My mother never baked anything until she married a farmer in the Dirty Thirties, and then she had no choice; bake it or do without. She baked bread, cakes, cookies, doughnuts, biscuits, and pies. Her husband’s family were noted cooks; Grandma Milligan could look at a roomful of people and exactly estimate the amount of flour, milk and fat to make enough biscuits to feed everyone.

One famous Christmas my mother decided to make cookies from around the world and tried every recipe from the Alberta Gas Cookbook. I remember only one, pepper nuts, which we were horrified to find, had real pepper in them and were as hard as stones.

We preferred the following recipe from the recipe box.

One-Bowl Chocolate Cake

One-Bowl Chocolate Cake

1 ½ c. flour
1 tsp. soda
½ tsp. salt
1 c. sugar
½ c. lard
½ c. cocoa
½ c. milk
1 egg
½ c. boiling water.

Put in bowl and beat for 3 minutes.
Cook at 350 for about 25 minutes.

The ingredients reflect the times of the recipe. Lard was considered essential in this recipe; saturated fats were not an issue in the 1950s and voluntary vegetarians and veganism unheard of. It wasn’t necessary to indicate the pan size (but my mother always made it in a rectangular pan) nor was an icing recipe needed. The test for doneness – to stick a toothpick in – did not have to be specified for an experienced cook. One-bowl chocolate cake is famous in my family.  It predates the cake mix, and could explain why cake mixes were seldom made. Who would need one, when the one-bowl cake took three minutes?

My mother made this cake at least once a week. The time I remember best was when she baked and iced the cake and left it on the counter for the minister’s visit. When she went to cut the cake, she discovered a series of little bird tracks; my pet budgie had checked out the cake thoroughly (but not left any droppings, that was lucky). I can’t remember if she served the cake anyway, but she told the story a lot of times.

Oliebollen (van Jill)

8 c. + flour

2 c. lukewarm water
4 tsp. sugar
4 tsp. salt
½ c. shortening
2 eggs
1 pk. yeast in very warm water – rise 10 min.

2 c. + milk
2 c. raising or peel or currants
2 c. chopped apple

Make a stiff batter, add fruit – rise about an hour.
Cook in hot fat dropped from 2 spoons (to shape).

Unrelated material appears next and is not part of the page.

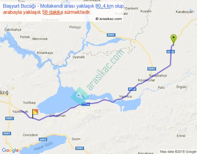 Başyurt Bucağı - Mollakendi arası yaklaşık olarak 90 km/h ile yukarıda belirtilen sürede olup, iki yerin kuş uçuşu uzaklığı (mesafesi) 61'dir. Yolculuk otobüsle 1 saat 15 dakika sürmektedir.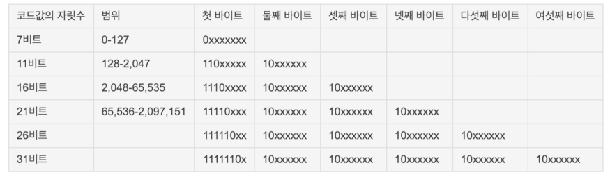 한글은 UTF-16에서 2byte지만 UTF-8에서는 3byte를 차지한다. 아스키 코드 문자들을 7bit 데이터로 표현하기 위해서, 나머지 문자 데이터에 메타데이터가 붙는 것이다. 그래서 UTF-8은 데이터의 크기가 8bit + a 로 가변적으로 변한다.

There are many stories in this recipe. For one thing, it reflects my mother’s openness to culture. I married a Dutchman and our first New Year’s together, he wanted to have oliebollen, but he did not know how to make them. My mother figured out that oliebollen were a type of deep-fried fritters and created a recipe for him. It created a bond between them that lasted for forty years, until she died. I think my mother probably got this recipe a few years after her initial effort, when she visited my brother and his family who spent a year in Holland. My mother used the Dutch, “van Jill” as opposed to the English “from Jill” to indicate that her granddaughter had given her the recipe.

The value of a recipe box should never  be underestimated. Experiencing the past through food is a wonderful thing.